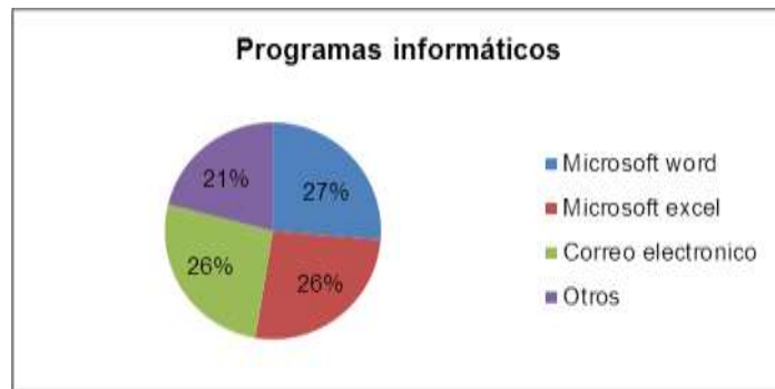
Figura 3 Programas informáticos.
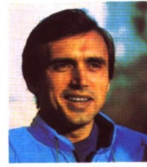
Олександр Заваров Александр Заваров Alexander Zavarov
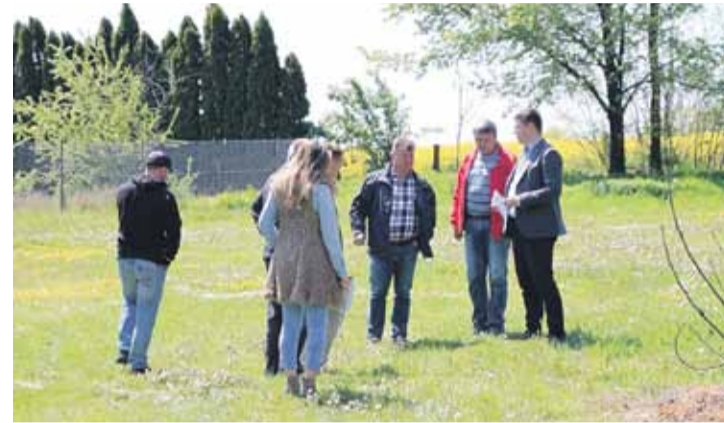
Przy podpisaniu umowy obecni byli sołtys i radni z Kosiny
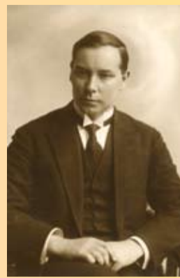
Attēls: Ģederts Eliass
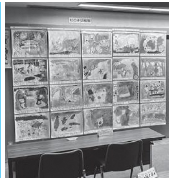
作品への思いが 伝わってくるようでした

われました。町内の保育園と幼稚園の年長児が自分の好きな絵本の世界を画用紙いっぱい描きました。どの作品も作者の個性が出た素敵な作品になりました。
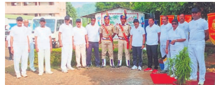
ଅଧିକାରୀମାନେ ଗଣଦୌଡ଼ରେ ସାମିଲ ହୋଇଛନ୍ତି।

---

- _About this task_
Please copy, exactly as written, the lines from the one that contains "Олександр Заваров Александр" through the end of the records, both ends included. Do not include the pictures.

- _Output for this exercise_
Олександр Заваров Александр Заваров Alexander Zavarov
Przy podpisaniu umowy obecni byli sołtys i radni z Kosiny
Attēls: Ģederts Eliass
作品への思いが 伝わってくるようでした

われました。町内の保育園と幼稚園の年長児が自分の好きな絵本の世界を画用紙いっぱい描きました。どの作品も作者の個性が出た素敵な作品になりました。
ଅଧିକାରୀମାନେ ଗଣଦୌଡ଼ରେ ସାମିଲ ହୋଇଛନ୍ତି।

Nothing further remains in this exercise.